What you have to do:
Retype all of the data word for word, without pictures.

Input data:
——————————

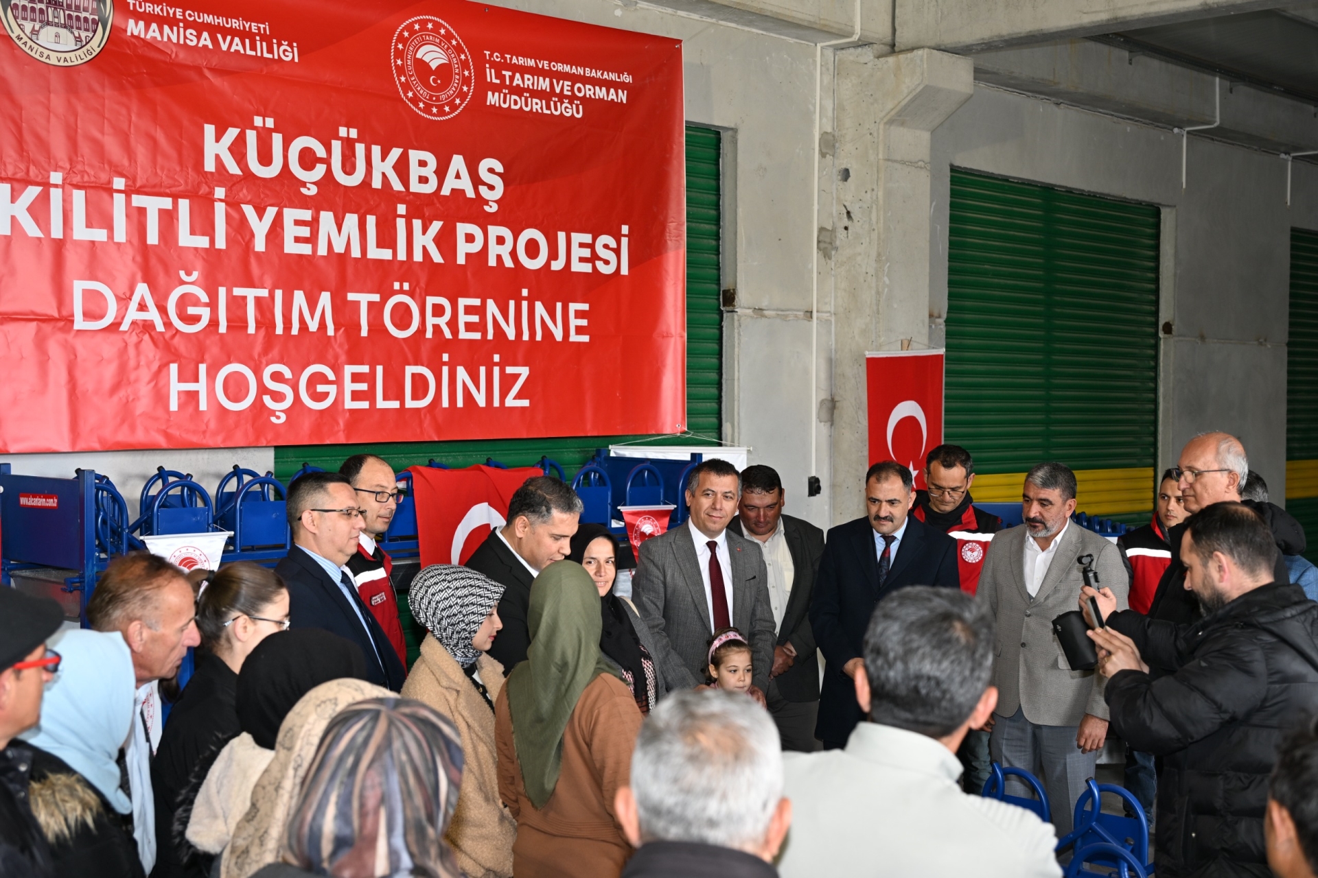 Demirci Tarım Ürünleri Merkezi’nde düzenlenen dağıtım törenine Demirci Kaymakamı Fatih Bayram, Belediye Başkanımız Erkan Kara, İl Tarım ve Orman Müdürü Mehmet Karayılan, İlçe Tarım ve Orman Müdürü Faruk Şenyurt ve hak sahibi üreticiler katıldı.
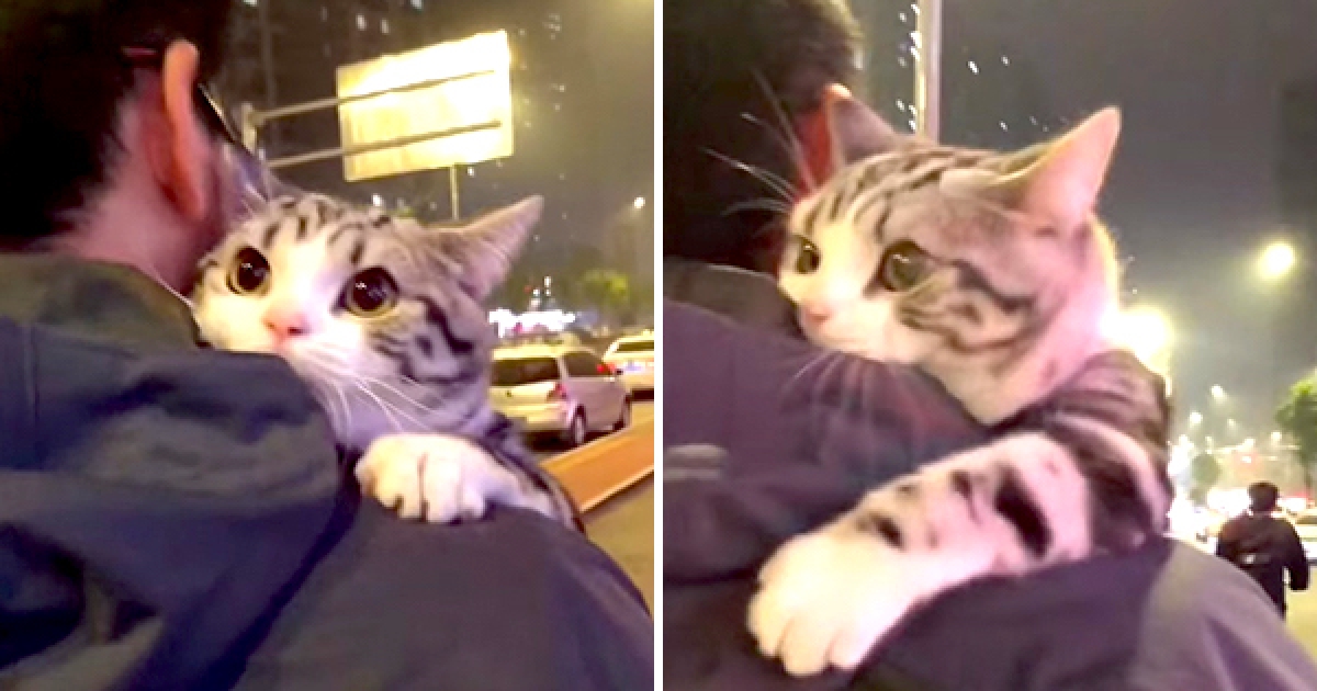 這隻才是正宮吧? 大眼喵乖巧趴主人肩頭 伸爪爪擁抱:最愛把拔❤
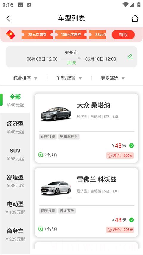 3、在【车型列表】页面,根据需求筛选车型,查看价格和配置,选择合适车辆租赁。
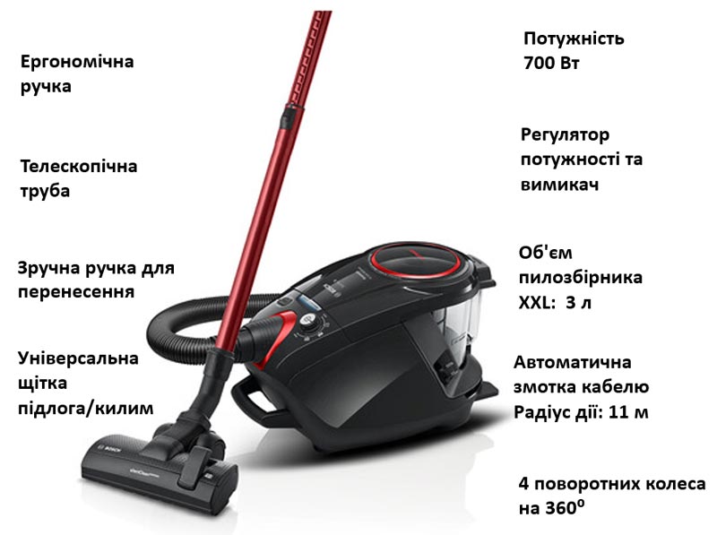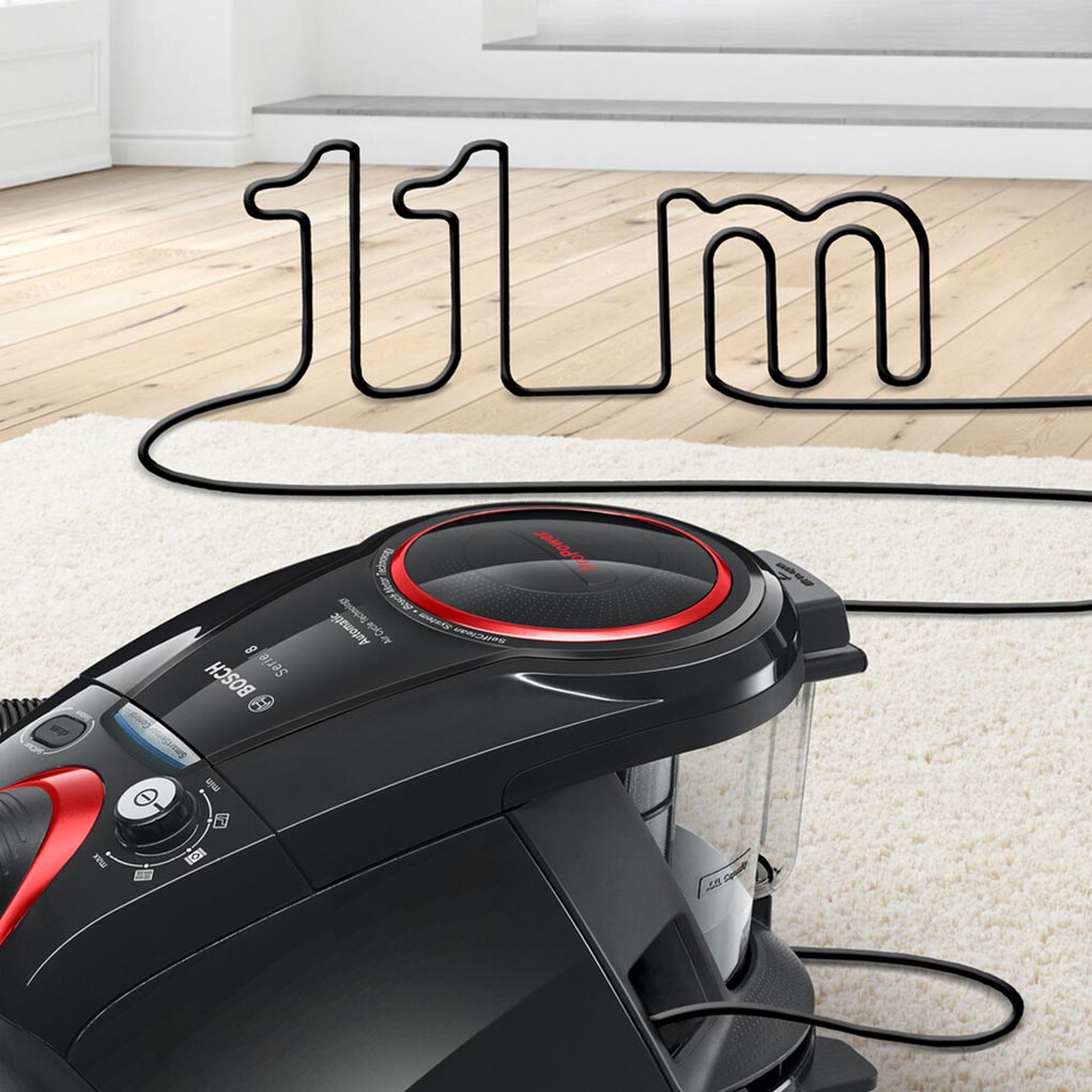 Завдяки цьому пилососу Bosch прибирання стане ще легшим, ніж раніше. Конструкція приладу і довгий 11-метровий кабель дозволяють працювати в радіусі 11 метрів. Тепер ви можете пилососити навіть у великому будинку, не перемикаючи кабель в іншу розетку.

——————————

Solution to the problem:
 Demirci Tarım Ürünleri Merkezi’nde düzenlenen dağıtım törenine Demirci Kaymakamı Fatih Bayram, Belediye Başkanımız Erkan Kara, İl Tarım ve Orman Müdürü Mehmet Karayılan, İlçe Tarım ve Orman Müdürü Faruk Şenyurt ve hak sahibi üreticiler katıldı.
 這隻才是正宮吧? 大眼喵乖巧趴主人肩頭 伸爪爪擁抱:最愛把拔❤
 3、在【车型列表】页面,根据需求筛选车型,查看价格和配置,选择合适车辆租赁。
 Завдяки цьому пилососу Bosch прибирання стане ще легшим, ніж раніше. Конструкція приладу і довгий 11-метровий кабель дозволяють працювати в радіусі 11 метрів. Тепер ви можете пилососити навіть у великому будинку, не перемикаючи кабель в іншу розетку.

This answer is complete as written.